● TASK MATERIAL:
────────────────

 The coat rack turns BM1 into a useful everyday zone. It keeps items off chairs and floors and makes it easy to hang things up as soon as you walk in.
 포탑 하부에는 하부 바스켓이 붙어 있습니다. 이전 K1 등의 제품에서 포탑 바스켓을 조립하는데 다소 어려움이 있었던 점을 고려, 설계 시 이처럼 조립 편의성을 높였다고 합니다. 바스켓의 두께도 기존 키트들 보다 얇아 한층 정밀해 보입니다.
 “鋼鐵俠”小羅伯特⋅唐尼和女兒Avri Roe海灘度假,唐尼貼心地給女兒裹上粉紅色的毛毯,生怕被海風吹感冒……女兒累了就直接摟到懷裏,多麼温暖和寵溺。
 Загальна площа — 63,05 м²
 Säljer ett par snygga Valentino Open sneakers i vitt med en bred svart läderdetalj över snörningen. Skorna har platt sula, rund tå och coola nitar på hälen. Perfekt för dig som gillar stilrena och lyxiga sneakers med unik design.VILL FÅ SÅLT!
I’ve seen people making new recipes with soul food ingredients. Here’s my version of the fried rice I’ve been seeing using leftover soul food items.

────────────────

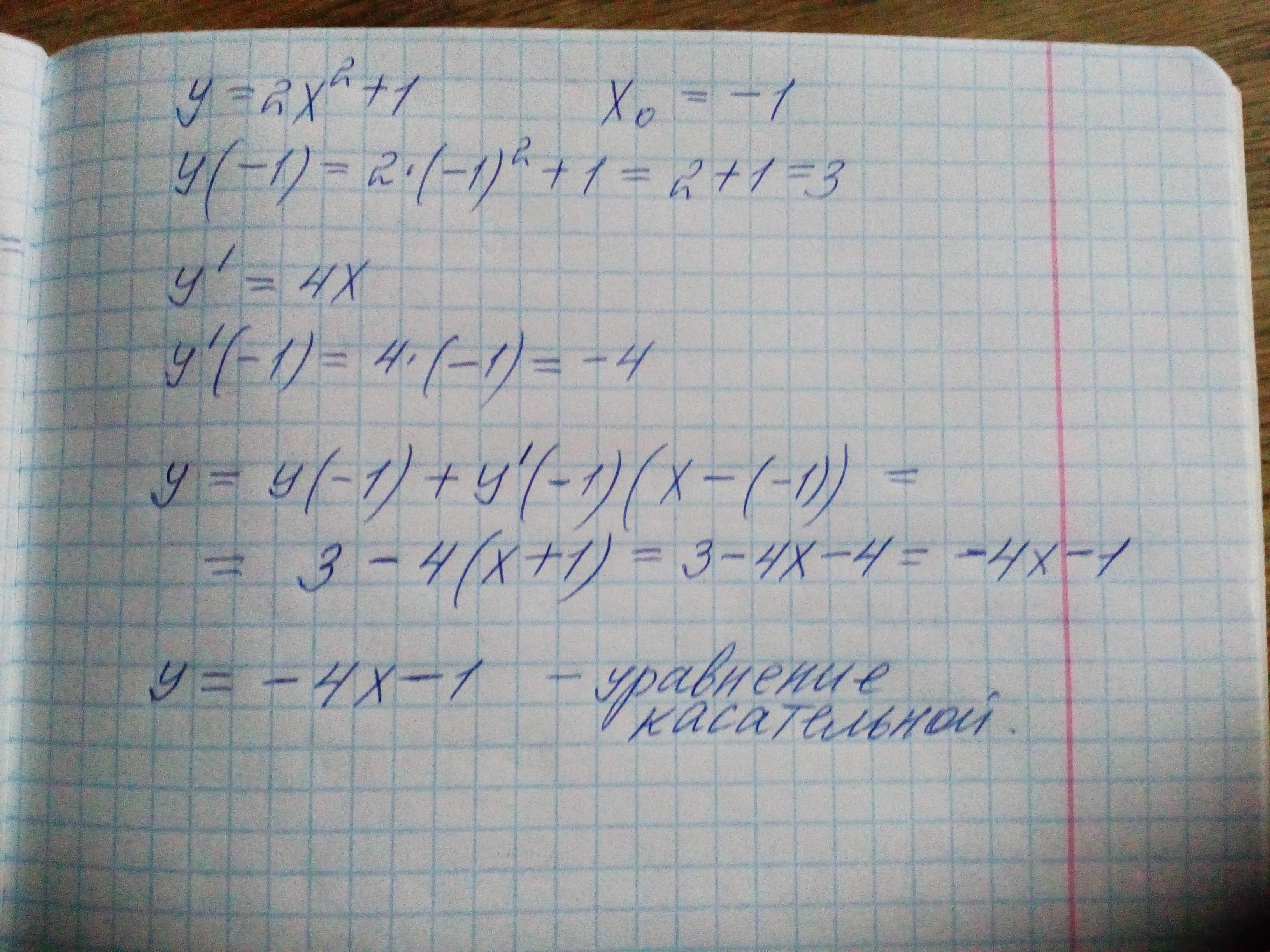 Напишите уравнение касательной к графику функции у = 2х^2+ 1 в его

────────────────

● WHAT YOU ARE ASKED TO DO:
Copy every line of the records above that contains "items".

● YOUR SOLUTION:
 The coat rack turns BM1 into a useful everyday zone. It keeps items off chairs and floors and makes it easy to hang things up as soon as you walk in.
I’ve seen people making new recipes with soul food ingredients. Here’s my version of the fried rice I’ve been seeing using leftover soul food items.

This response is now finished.